Given information:
——

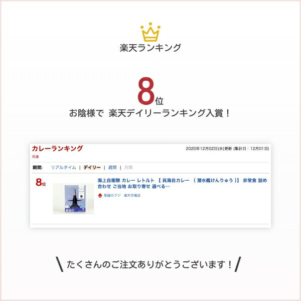 【海上自衛隊最強レシピ 艦めしとは】 「艦めし」とは、海上自衛隊の艦艇で、隊員たちに食べられている食事のことです。 そのレシピは「必要な栄養を補給」「体力の維持増進」「部隊の人的戦闘力の発揮」という3つの目的をクリアした、とっても美味しいメニューばかり。 日本の海を渡る、縁の下の力持ちなんです。 「艦の数だけ味がある」というのも、艦めしの魅力。 海上自衛隊のサイトでは、有名なカレーをはじめ、和洋中合わせてなんと250種ものレシピが公開されています。 本商品の後も、艦めしの奥深い世界を楽しんでいただけたら嬉しいです。 ※海上自衛隊ホームページより引用 【潜水艦ずいりゅう「ポークカレー」】 飴色玉ねぎや素揚...
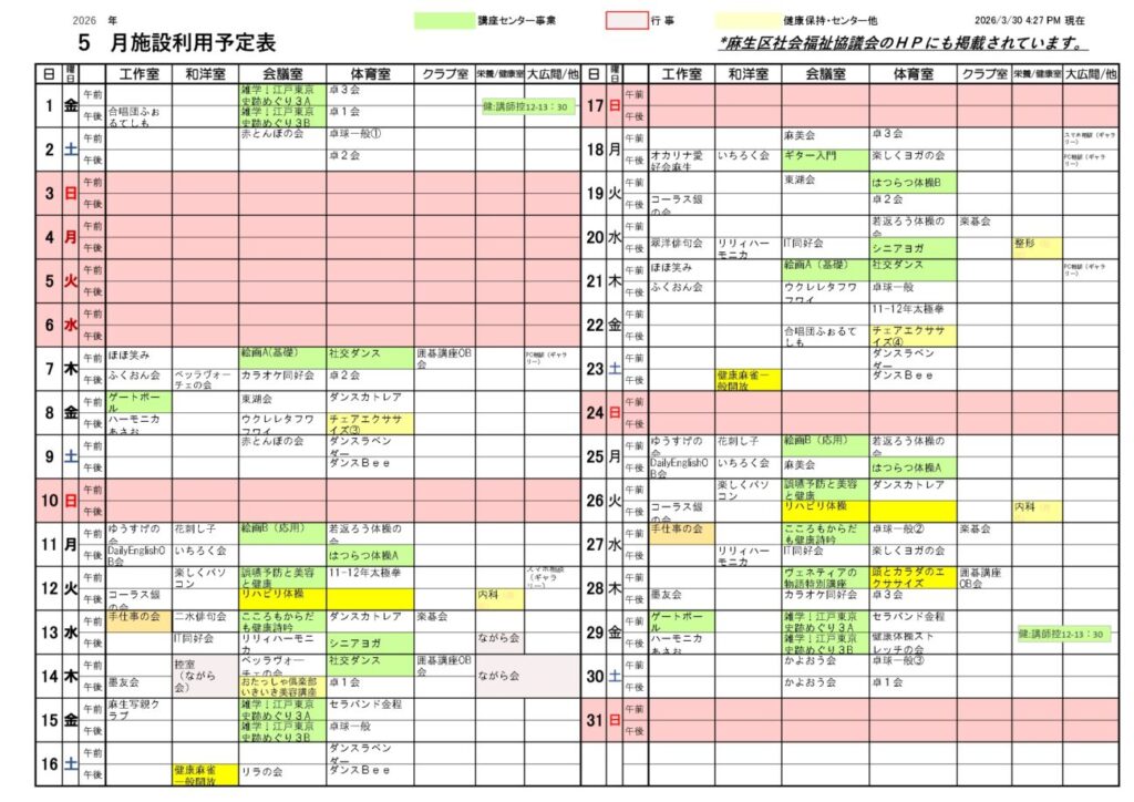 令和8年5月 施設利用予定表
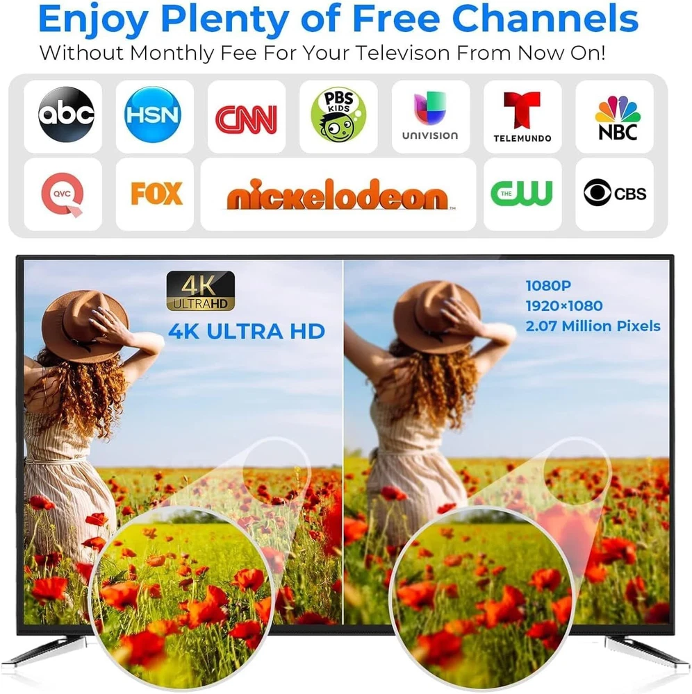 Are you feeling helpless when you are far away from the signal towers? Our tv antenna can accept up to 2200+ miles range signal! Choose us, you will get an 'unbelievable feast for the eyes’. 1:HD Local Channels: With our best digital antenna for smart tv, you will enjoy crystal clear FULL HD channels with HD crystal pictures and clear sounds quality like ABC, CBS, NBC, PBC, CW, Fox, Univision and so much more! 2: 2200+ Miles Long Range Reception: This indoor tv antenna can receive 2200+ miles range for local channels, which can also be placed outdoor for receiving channels. Support Format:720p,1080pi, 1080p/ATSC. 3: 52ft Long Coxial HDTV Cable: Comes With 2024 UPGRADED 52ft coaxial cable, you can place this tv antenna anywhere you want, which suitable for living room, bedroom, basement, rv and so on. Just enjoy all local hd channels with your family or friends 360° Receive Full Free HD Channels: Don't hesitate to choose 2024 Newest advanced TV Antenna from , you will pay 0 COST for TV for life! With this digital tv antenna, enjoy hundreds of crystal clear FULL HD Free channels like ABC, CBS, NBC, PBC, CW, Fox,Univision and SO MUCH MORE! Start to access all news, sports, sitcoms and kids programs at home at ease. Antenna-THE BEST ADVANCED TOOL TO RECEIVE CHANNELS WITHOUT MONTHLY BILL FOR LIFE! 3000+ Miles Long Range Smart TV Antenna: Our company has updated amplifier signal booster of this smart tv antenna for receiving 3000+ miles range for local Channels. Advanced signal booster optimizes the signal transmission protection against interference with other signals, which can make sure you can get more channels even you are far away broadcast towers. Support Format: 8K 4K 1080p /ATSC. 2024 Newset Smart IC Chip: Our tv antenna for smart tv adopts in newest generation powerful amplifier and signal booster, which built-in the BEST Smart IC Chip and Filter Technology.This new technology filters out cellular and FM signals resulting in receiving more clear pictures, lower noise and access to more free broadcast signals with enhanced gain, range and performance. 52ft Long Coxial HDTV Cable & USB Power Adpater: Comes with 52ft coaxial HD cable, which means you can place this indoor/outdoor antenna to get best reception in anywhere,especially for customers whose TVs are quite far away from windows. If there is no USB output for connecting digital antenna to the power supply on the back of your TV, this smart IC USB POWER ADPATER will help you. Easy Installation Indoor/Outdoor TV Antenna: JUST NEED ONE MINUTE! You can install this modern tv antenna indoor/outdoor as you want. Here are three optional installation methods, nails on the wall, sticks on the window or tie to the shelf. Antenna can be placed in home, company, store, square, etc. The most exciting is that it can be an outdoor antenna in RV or tent when you're traveling. Warm Tips: If you have any problems please feel free to contact us and we will reply you within 24hrs! Professional Team and After-sales Guaranteed: If you have any issue with getting few channels,reception, installation or other problems, please feel free to contact us and our professional team will reply you with the best service and make you feel 100% satisfied. Reminder: 1: Re-scan channels after moving tv antenna, 2: Choose the short-range first! PACKAGE INCLUDE: ① Coaxial Cable ② TV Antenna ③ USB Power Supply Cable ④ Coaxial Cable Port ⑤ Signal Booster ⑥ USB Adapter 5V ⑦ Screws*4PCS ⑧ Expansion Screws*4PCS ⑧Expansion*4PCS ⑨Nylon cable ties*4PCS ⑩Double sided adhesive tapes*2PCS ⑪Positioning Card

——

Exactly as written, reproduce the lines from the beginning of the material through the line with "令和8年5月 施設利用予定表", and skip any picture.

 【海上自衛隊最強レシピ 艦めしとは】 「艦めし」とは、海上自衛隊の艦艇で、隊員たちに食べられている食事のことです。 そのレシピは「必要な栄養を補給」「体力の維持増進」「部隊の人的戦闘力の発揮」という3つの目的をクリアした、とっても美味しいメニューばかり。 日本の海を渡る、縁の下の力持ちなんです。 「艦の数だけ味がある」というのも、艦めしの魅力。 海上自衛隊のサイトでは、有名なカレーをはじめ、和洋中合わせてなんと250種ものレシピが公開されています。 本商品の後も、艦めしの奥深い世界を楽しんでいただけたら嬉しいです。 ※海上自衛隊ホームページより引用 【潜水艦ずいりゅう「ポークカレー」】 飴色玉ねぎや素揚...
 令和8年5月 施設利用予定表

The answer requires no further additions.